Drought is a prolonged, abnormally dry period when there is not enough water for users’ normal needs. Drought is not simply low rainfall; meteorologists monitor the extent and severity of drought in terms of rainfall deficiencies. Agriculturalists rate the impact on primary industries, hydrologists compare ground water levels, and sociologists define it on social expectations and perceptions.

Drought is a temporary feature caused by variance in the usual climate of the region. It occurs in almost all climatic regimes, but with higher frequency and probability in the arid and semi-arid regions. History has it that way back to the time of prophet Hazrat Dawood (A.S.) when, it is said, people in the Makran area of now Pakistan entombed themselves to avoid food shortage. That might have been first drought in our region.

Recently the provinces of Balochistan, Sindh and southern Punjab have been severely affected due to prolonged dry spells for the last 3 years. It is estimated that millions of people and millions of heads of livestock have been affected. The effects and impact of drought in fragile eco-systems assume even serious proportions due to misuse of marginal areas and unwise land use practices and overexploitation of natural resources. Adverse effects of drought on human being last for many years.

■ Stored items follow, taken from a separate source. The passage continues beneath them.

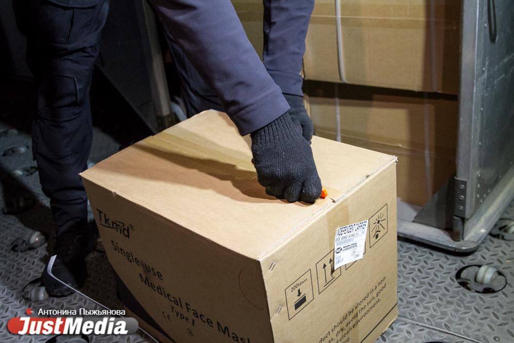 В Екатеринбург сегодня утром прилетела крупная партия гуманитарного груза из Китая. Первый из четырех самолетов доставил в Кольцово 27 тонн средств спецзащиты: 3 миллиона индивидуальных медицинских масок, 300 тысяч перчаток, 40 тысяч защитных костюмов и 6 тысяч очков. Сегодня же этот груз дойдет до всех медучреждений Свердловской и Челябинской областей. Остатки дойдут до Урала в конце этой недели, передает корреспондент JustMedia.ru.
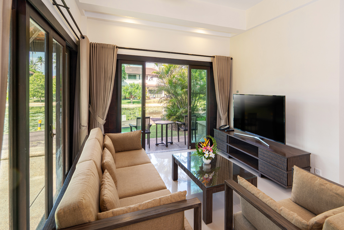 - 起居区配有 60 英寸液晶电视,可收看当地和卫星频道
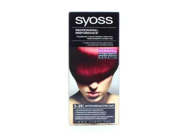 Базовая коллекция бренда содержит четыре красных оттенка. Долговечность результата обеспечивается глубоким проникновением концентрированных пигментов, так что состав подходит даже для обработки седины. Краска для волос Syoss со своей палитрой нравится многим девушкам.
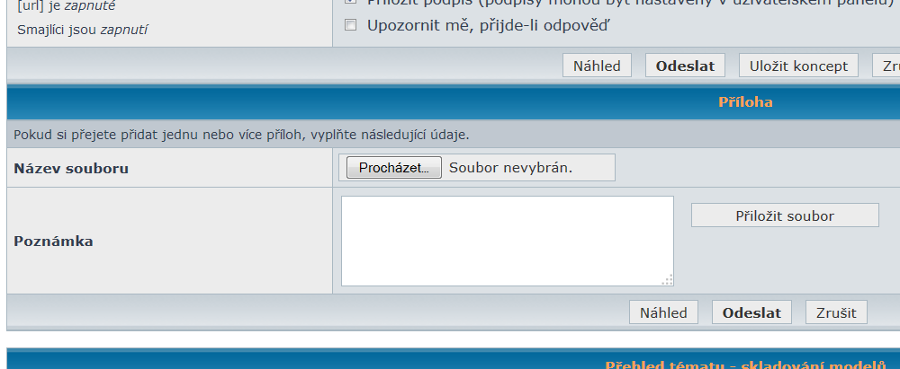 Nejdřív dáš Procházet a u sebe na PC najdeš fotku, potom dáš Přiložit soubor. Tím se nahraje na web RCMania a bude vidět.
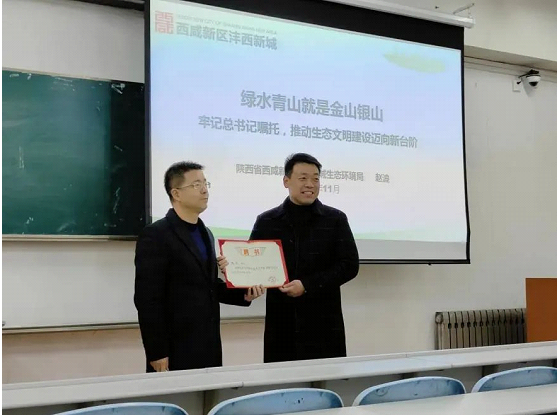 活动第二部分,由西咸新区沣西新城生态环境局赵波局长做了题为《绿水青山就是金山银山——牢记总书记嘱托,推动生态文明建设迈向新台阶》的主题报告。赵波局长围绕总书记关于生态环保的重要指示,从生态环境的战略地位、生动实践以及建设思路三个方面全面总结了我国在生态多样性、可持续发展、协调发展等方面的主要经验。赵波局长首先介绍了沣西新城生态环境建设“中深层地热能无干扰供热技术”。该技术以地热能利用为特色的新型城市综合能源供应“沣西模式”进一步发展成熟,服务北方地区城市建设,为加快实现碳达峰、碳中和目标发挥了引领示范作用。其次介绍了沣西新城作为联合国教科文组织全国生态水文试点、国家级生态文明先行示范区、国家首批气候适应性城市试点、国家首批海绵城市的主要经验:将城市设计与环境保护协调发展为目标,以四级城市雨水循环体系建设和中央雨洪调蓄系统建设为出发点,形成社区、道路、湿地公园等有序布局的新型城市发展道路。
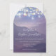 Bajo las estrellas, garland y estrellas brillantes con frascos románticos de mason rústico y una lavanda violeta pastel de fondo de la montaña invitaciones a la boda
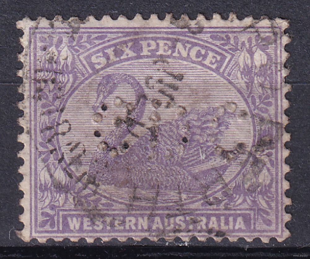 157.Aust. Великобритания. Австралийские штаты. Западная Австралия. Чёрный лебедь. Стандарт. 1906 г. 6p. Mi.#47. Перфин.
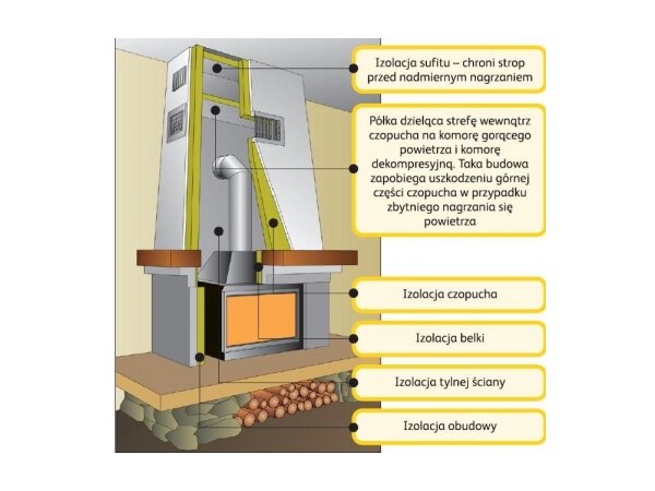 Kominki z wymuszonym obiegiem izolujemy zaczynając od dystrybutora gorącego powietrza, którego odpowiednie ocieplanie zabezpiecza przed stratami ciepła i nadmiernym nagrzaniem obudowy. Płyty izolacyjne powinny być umieszczone w odległości minimum 5 centymetrów od wkładu, folią skierowaną do wkładu kominkowego. Do montażu płyt używajmy profili zapewniających ich ciasne osadowienie.
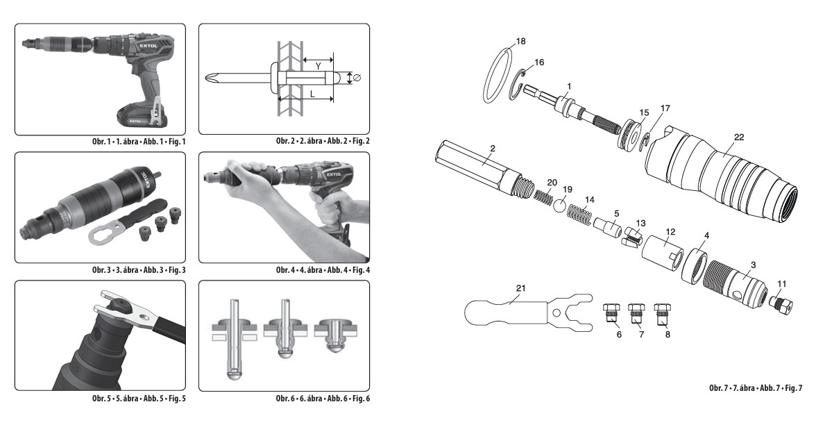 Fúrógépbe vagy akkus csavarbehajtóba befogható. TILOS ütvecsavarozóval vagy ütvefúró funkció bekapcsolása közben használni! Olyan elektromos vagy akkus fúrógépekkel használható, amelyek minimális nyomatéka 2 Nm és 9 Nm között van, a használt szegecs méretétől és anyagától függően. A meghajtó fúró-, illetve csavarozó gép NEM része a csomagnak, azt külön kell megvásárolni!
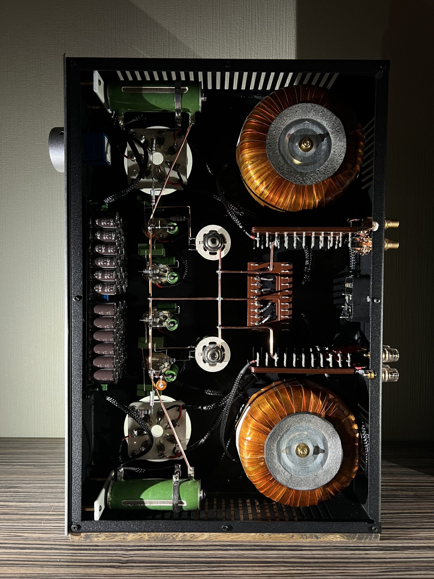 Просто корпус несколько универсален, что бы можно было разместить еще интегральник на 6L6GC, одноканальный мощник на КТ120 и одноканальный однотактный мощник на паре 2А3.
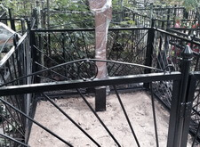 Могила стандартная, не большая. Когда-то здесь стоял гранитный памятник и была высокая ограда. После очередного захоронения плиту убрали в сторону, цветник тоже подняли, переднюю часть ограду демонтировали, установили временный крест.
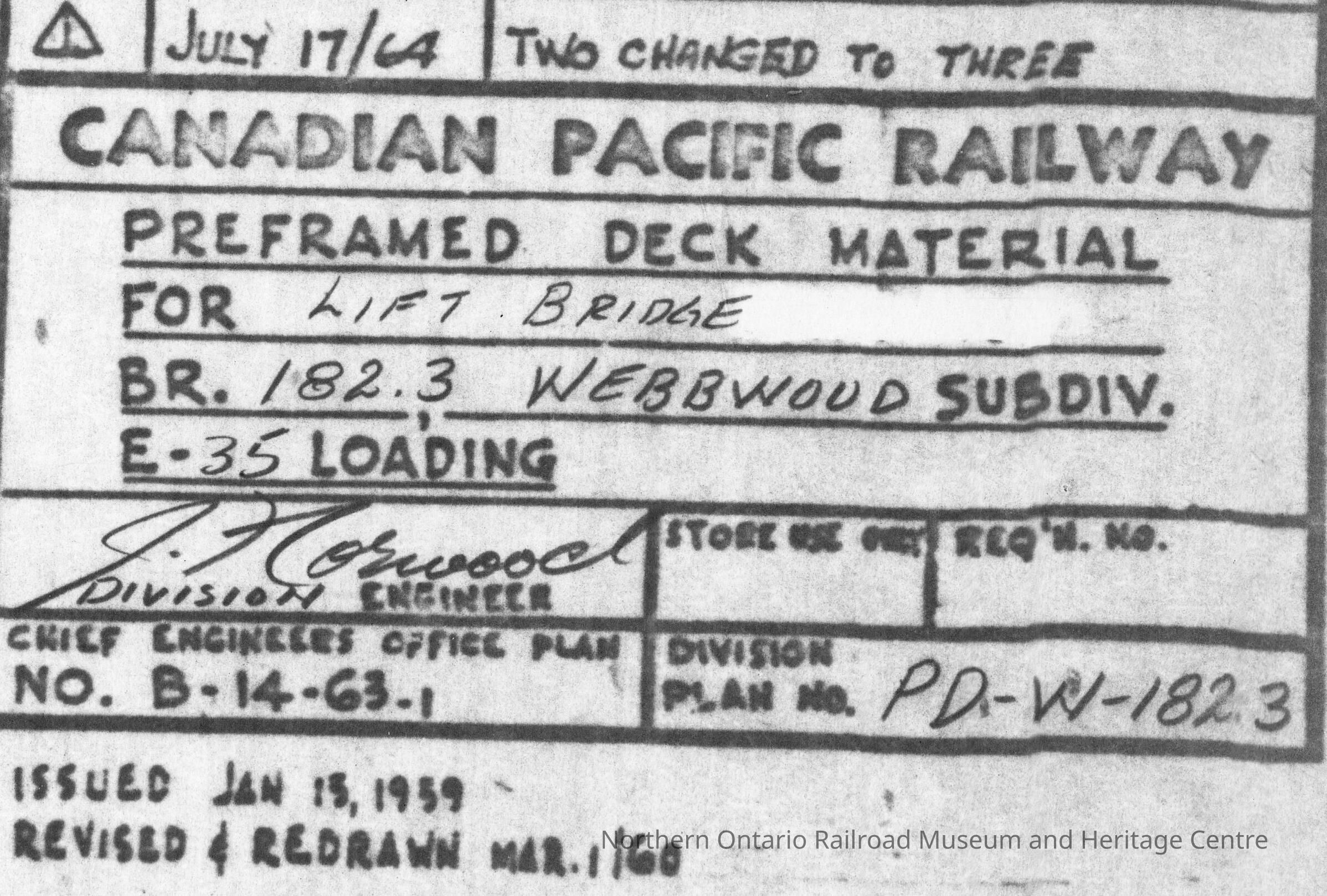 Document, Plan, Canadian Pacific Railway, Preframed Deck Material for Lift Bridge, Bridge 182.3, Webbwood Subdivision, E-35 Loading, January 15th 1959.Collection
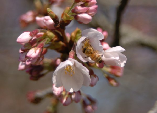 - 桜の花にはミツバチがとまり、密を集めています。 今日も穏やかな日和なので、花が開くことを期待します。
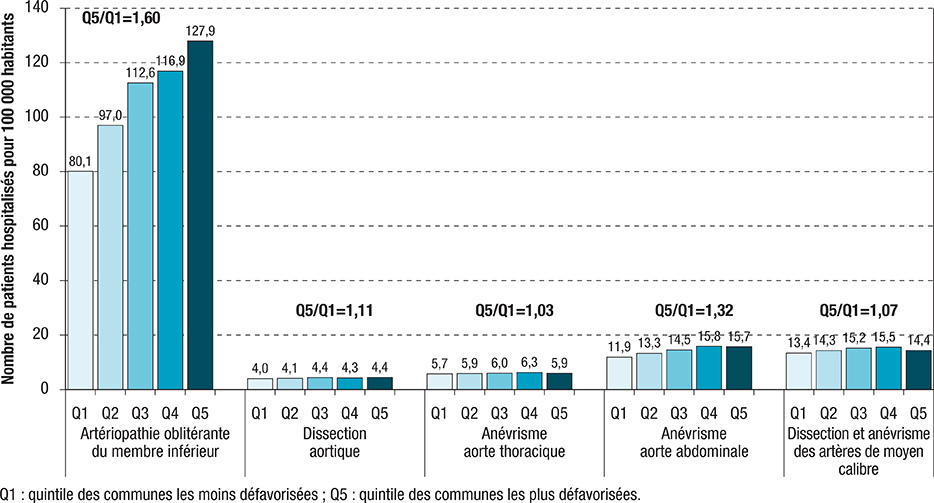 Figure 3 : Incidence annuelle des patients hospitalisés pour maladie aortique ou artérielle périphérique en fonction du quintile

During climate extremes, agriculture suffers first and most severely and eventually everyone feels the impact. Drought disrupts cropping programs, reduces breeding stock, and threatens farming patterns. Results: declining productivity affects the national economy and more poverty.

Poverty and migration are the social aspects of drought. Drought force people, mostly poor living in rural areas, to leave their homes in search of a better life.

The United Nations General Assembly, in 1994, designated June 17 as the World Day to Combat Desertification and Drought. This year marked a decade since the Convention’s implementation.

The risk of serious environmental damage, particularly through vegetation loss and soil erosion, has long-term implications for the sustainability of our agricultural industries. Water quality suffers, and toxic outbreaks may occur; plants and animals are also threatened. Bushfires and dust storms often increase during dry times. Pakistan is predominantly arid with low rainfall. About 80 per cent of the country is arid and semi-arid, nearly 12 per cent is sub-humid and the other 8 per cent is humid. The major land uses are agriculture (23 per cent), rangelands (32 per cent), barren land (31 per cent), forests (4.8 per cent), water bodies (1 per cent) and 8 per cent is unclassified and 0.16 percent comes under urban areas. Of the total area only 20 per cent is potentially good for exhaustive agriculture and 62 per cent is primarily used for livestock grazing.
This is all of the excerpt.